Existen muchas razones para marcharse de un país y otras tantas para no volver, aunque los motivos, en un caso y en otro, no tienen por qué ser los mismos. La política y la economía son los dos motores migratorios más potentes, pero no los únicos. También hay quienes dejan su tierra por cuestiones académicas, belicistas, sentimentales, deportivas, religiosas, culturales e, incluso, sexuales. Este año conocí a una chica de Perú que se vino a España porque en Lima no podía vivir normalmente su relación de pareja con otra mujer. Aquí pueden pasear de la mano por la calle sin que los vecinos las insulten o les tiren piedras; así de simple (y dramático) es.
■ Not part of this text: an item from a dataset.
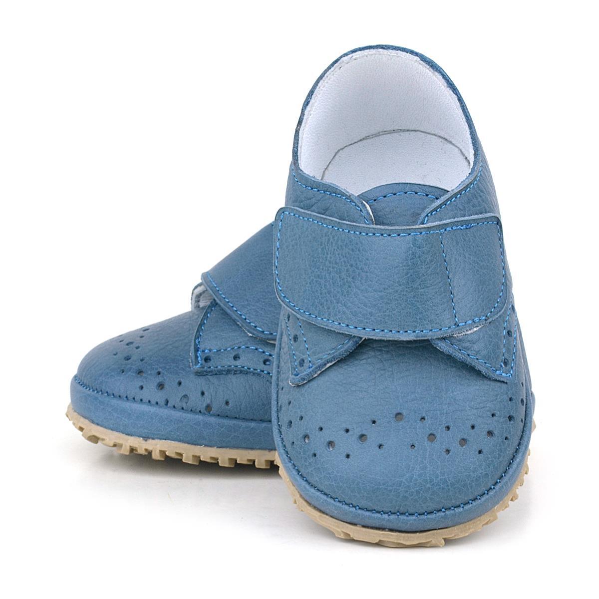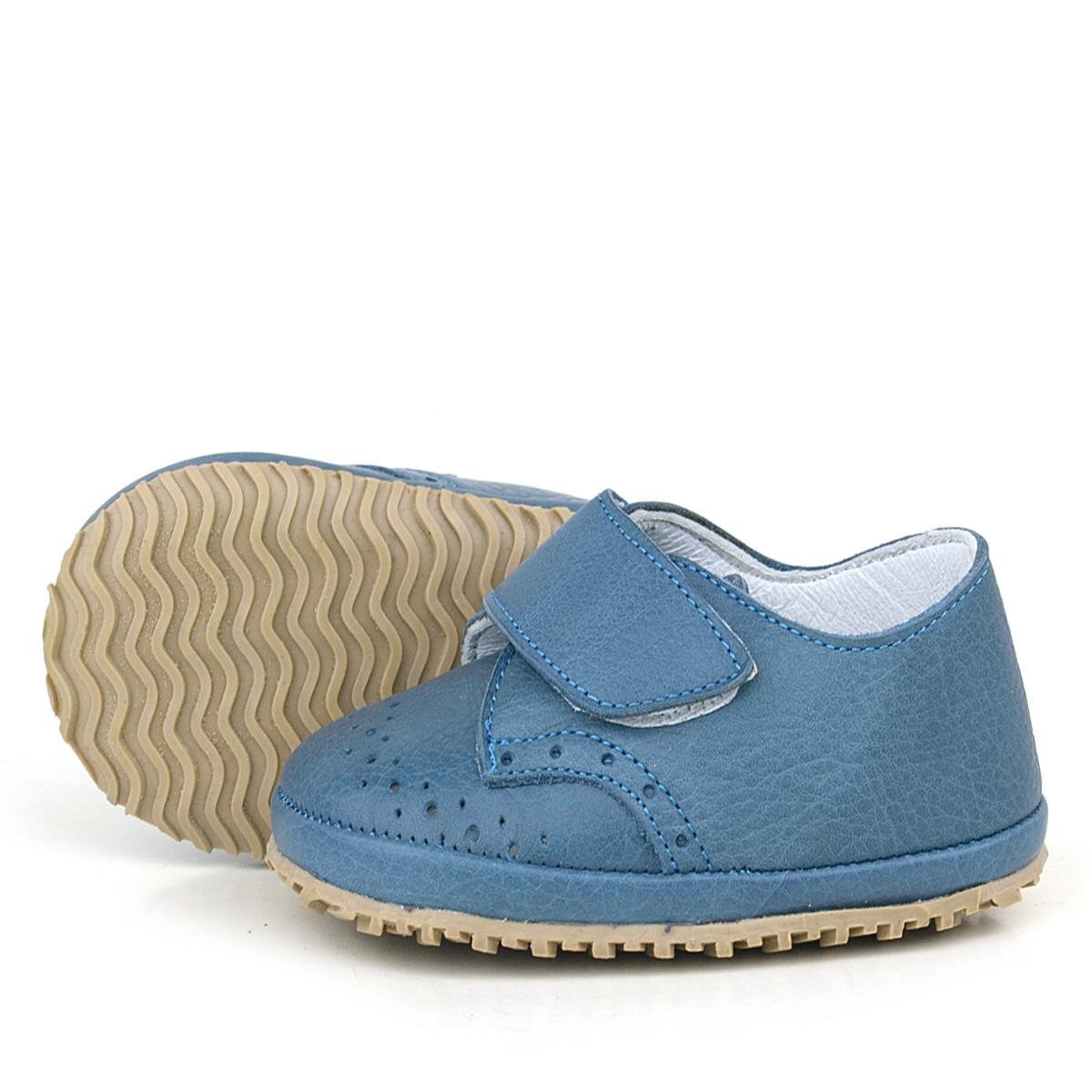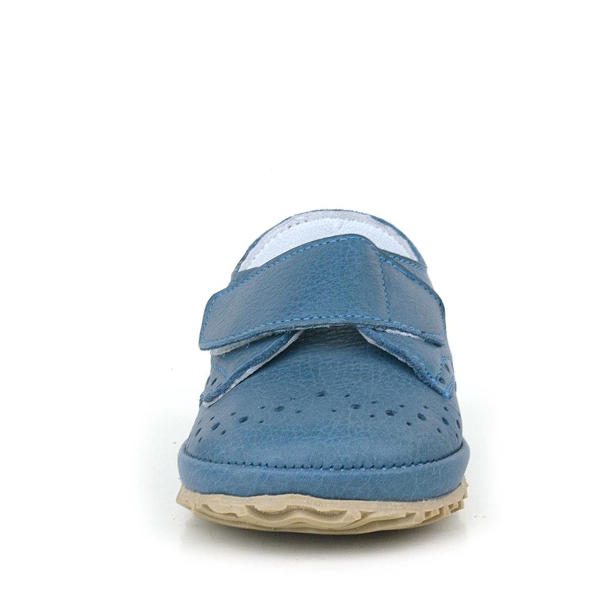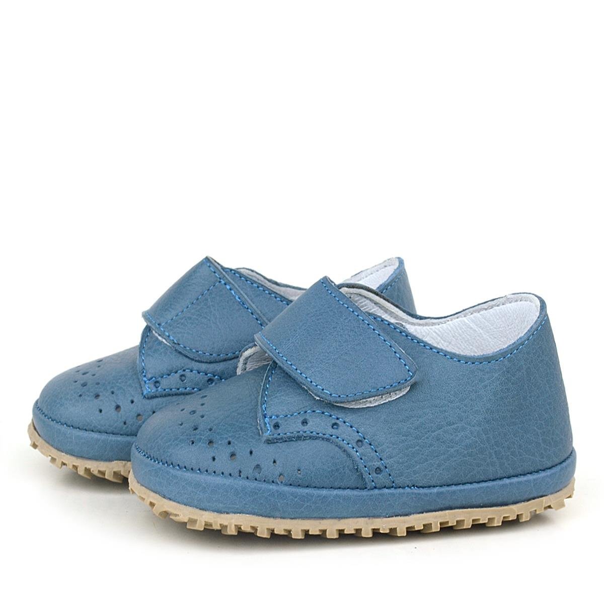 حذاء أطفال من الجلد الطبيعي بشريط فيلكرو أزرق داكن

Los uruguayos, quizás por tradición, historia o costumbre, solemos medir las cosas con la escuadra político-económica; sin embargo la vida no cabe en un gráfico de X e Y. En la ecuación migratoria hay muchas otras variables.
Para quienes se van del país (y, también, para quienes se quedan), un error muy frecuente en el cálculo tiene que ver con la idea de que el plan inicial se mantiene constante; con creer que la persona y su circunstancia seguirán siendo las mismas diez años después. Y no es así. Conozco muchos casos de gente que se ha ido porque el dinero en su país no le alcanzaba, porque había una guerra o sufría una dictadura y que, con el paso del tiempo, aun resuelta la génesis, decide no regresar. Está el que se enamora, el que se asienta en el país al que viaja, el que descubre un modo de vida que le cautiva o, también, el que tiene hijos made in Australia, Estados Unidos o España. Volver entonces no es fácil, porque se genera otro tipo de anclas. "Papá y tú seréis muy búlgaros, pero yo soy vasca", le dijo una niña de siete años a su madre. En ese momento, la mujer entendió que su tren de regreso a Sofía había pasado de largo.
El proyecto migratorio de arranque, para el que se va con intención de regresar, se sitúa en torno a los dos años, aunque se termina extendiendo mucho más. El planteamiento de "voy, junto dinero y vuelvo" sería sencillo si no hubiera que vivir en el medio, pero aquí, como en cualquier otro sitio del mundo, hay unos cuantos gastos mensuales que reducen la capacidad de ahorro en el 'mientras tanto'. Se prolonga el tiempo de espera y, conforme van pasando los años, es inevitable generar lazos. Por esa razón, aun sin tener hijos, sin haberse enamorado, sin haber 'causa visible', a muchos les cuesta volver. Llega un punto en que el regreso se transforma en un nuevo proyecto migratorio, con todos los duelos, despedidas y desprendimientos que eso supone. Porque así como marcharse a otro país implica asimilar un montón de cambios de golpe, regresar al lugar de origen varios años después obliga a reaprender otro tanto de patrones culturales y maneras de funcionar. Porque el país también cambia y su imagen no siempre coincide con la que tenía el día del 'chau'; porque los recuerdos tienden a la dramatización o al idilio y el país real tampoco encaja del todo con el país imaginado.
Cuando la semana pasada señalaba la importancia del voto consular, lo hacía sobre la base de esto mismo. Uno no es menos uruguayo por haberse ido y, desde luego, tampoco en menos ciudadano por no volver. Ya sea por imposibilidad o por decisión, hay muchos que no regresan y, sin embargo, desde fuera, contribuyen activamente en el crecimiento del país. En los últimos cinco años, los envíos de dinero a Uruguay aumentaron un 86,1%. Pasaron de los 72 millones de dólares en 2002 a los 134 millones de dólares en 2007. Y eso es lo que no entiendo. ¿Cómo es posible aceptar sin rechistar ese volumen de dinero, considerar a los que se fueron como una fuerza económica más y, al mismo tiempo, vedarles su participación en la toma de decisiones? ¿Qué significa exactamente que 'los de afuera son de palo'? ¿Se dice eso porque no existimos o porque equivalemos a 134 de los verdes? El derecho al voto no tiene nada que ver con la opción política, ni siquiera con la personal. Es más bien una cuestión de coherencia. De X e Y.